Могильная, жуткая тишина сомкнулась над арестантом. В тазу с водой низкое пламя ночника металось, и от него на тёмном сводчатом потолке жёлтый круг ходил.

Арестант лежал на спине и с широко раскрытыми и ничего не видящими глазами слушал тишину. В эти ночные часы шла в нём какая-то неизъяснимо дивная работа мысли, и он вдруг становился действительно принцем. В углу поскреблась мышь и затихла, притаилась. Торопливою, деловитою побежкой прошмыгнула по полу крыса и скрылась в норе. Арестант вспомнил то, что видел так недавно и что было, несомненно, из его волшебного, преображённого существования. Только было это или опять только приснилось, чтобы навсегда исчезнуть, без возврата?.. Он куда-то ездил — это было несомненно. Он точно и сейчас ощущал мягкое колыхание лодки и точно прохладный шелест раздвигаемой вёслами воды. Он слышал топот конских ног и покряхтывание телеги, и у него и посейчас не перестали ныть ноги и руки и болеть спина от напряжённого неудобного положения в тёмной конурке.
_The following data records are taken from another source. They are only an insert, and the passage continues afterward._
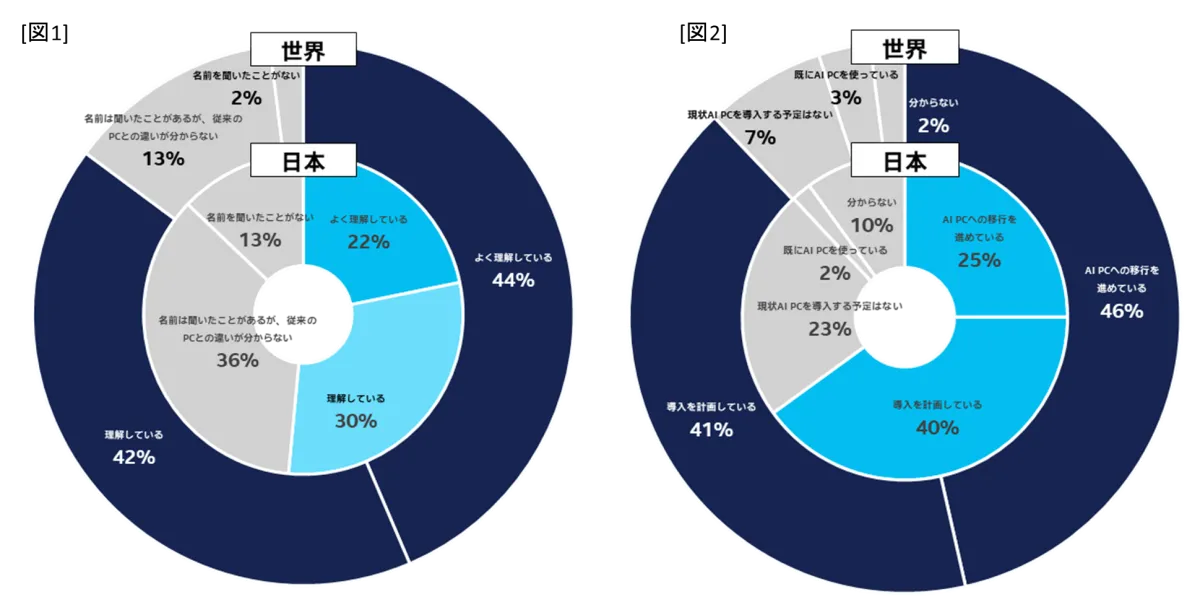調査によって明らかになったのは、日本国内のAI PCに対する理解度が52%と、世界的に見ても大きな差が存在することです。全体の理解度は85%に対して、日本は34ポイントも低い結果となっています。また、AI PCの導入を進めている企業は65%に留まり、世界標準に比べて22ポイントの差があることも示されました。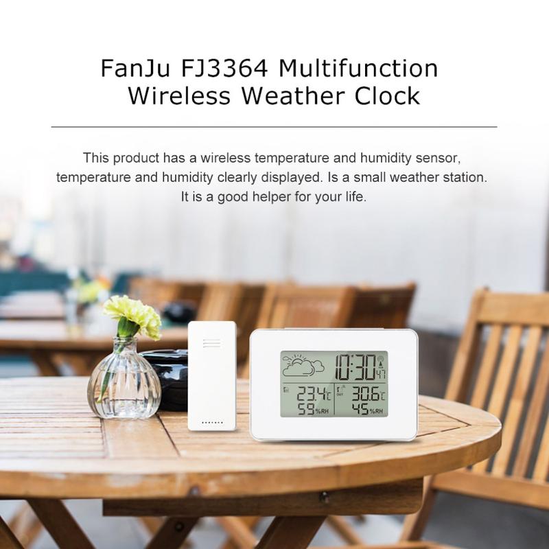 • FJ3364 Digitale Wetterstation mit Wecker, Funksensor, Hygrometer und Thermometer mit LCD-Display und Kalender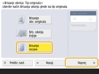 Pritisnite <Brisanje okvirja originala> in potrdite <Velik. originala>.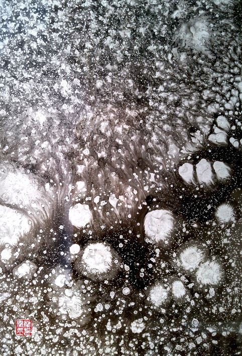 “고요한 시간에 눈 내리는 소리가 싸악싸악 들리듯이, 눈꽃송이 그림도 싸악싸악 하는 느낌을 갖고 작업을 합니다.” 1990년 백두산 천지를 다녀온 이래 수억만송의 눈꽃송이를 그렸지만 이 때문에 똑같은 눈꽃송이는 없단다. 흑백 모노크롬에 눈 내리는 소리를 음미하면서, 먹이 번지는 기법(발묵)과 먹을 다스리는 기법(박묵)으로 그려왔다. 그것도 눈이 소복히 쌓여 유독 눈 내리는 소리가 들리는 새벽시간에 말이다.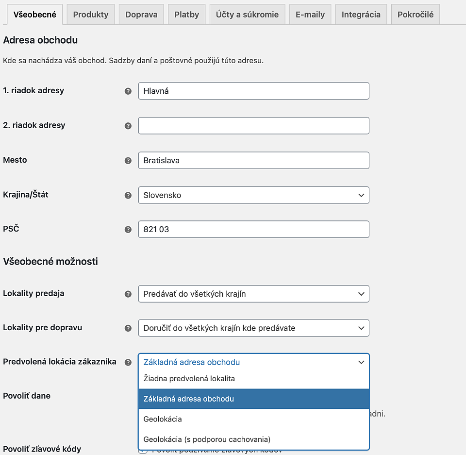 Na integráciu využíva WooCommerce geolokáciu MaxMind. Tú musíte nastaviť najprv vo všeobecných nastaveniach. V možnosti "Predvolená lokácia zákazníka" vyberte možnosť "Geolokácia".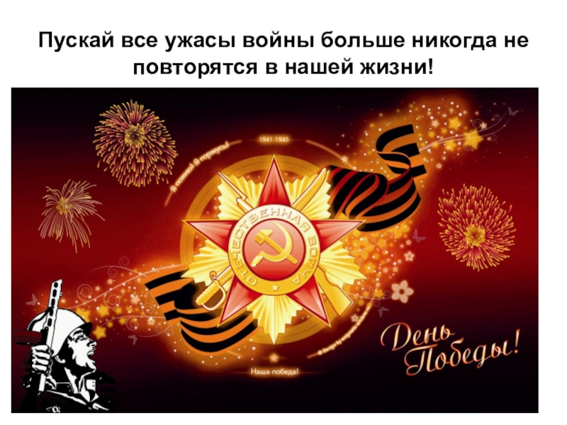 Слайд 32Пускай все ужасы войны больше никогда не повторятся в нашей жизни!

Он помнит смолистый лесной дух и ночлеги в тесных вонючих избах, где люто ели его клопы. Это было. Но была ли точно эта прекрасная женщина, которая сидела у окна спиною к свету и говорила так, как Императрица?.. И властный голос её в то же время звучал ему как удивительная, полная колдовских чар музыка. Сколько лет — да вот как пришёл в возраст — никогда ни одной женщины не видал, и снились они ему только в удивительных, несказанно прекрасных снах под утро. Снились такими, какими читал о них в Библии, смуглыми, тёмными, прекрасными и страшными. Та женщина, которую он видел, будто боялась его и хотела от него выпытать тайну его раздвоения, и ему так хотелось всё ей сказать, и он почему-то не посмел.

«Нас два… — думал он теперь, и всё так ясно казалось ему в могильной тишине тюрьмы. — Я — принц… Большой принц… Такой большой и страшный, что она его боится… Он вовсе не умер, тот принц, это я нарочно только сказал, пожалев её. Тот принц жуткий — его нельзя трогать. Я сказал ей, что я только Григорий… Я хочу в монастырь… Там всё-таки люди и там можно — власть?.. Митрополитом быть… А это власть!»

От мыслей перешёл к шёпоту и тихо сказал: «Власть…» Точно вдруг увидел то, что видел раз, давно, на крайнем севере и что навсегда поразило его. Старика в лиловой мантии в золоте и с жезлом. Шептал, восхищённо, вспоминая и путая слова: «Виждь, Господи, виноград сей… Благослови… И утверди… Его же насади десница… Твоя… Десница!..» И в душе невидимый прекрасный хор стройно пропел: «Исполла ети деспота!» Так это было хорошо! Сильно заворочался и громко сказал со страстью — «власть!..».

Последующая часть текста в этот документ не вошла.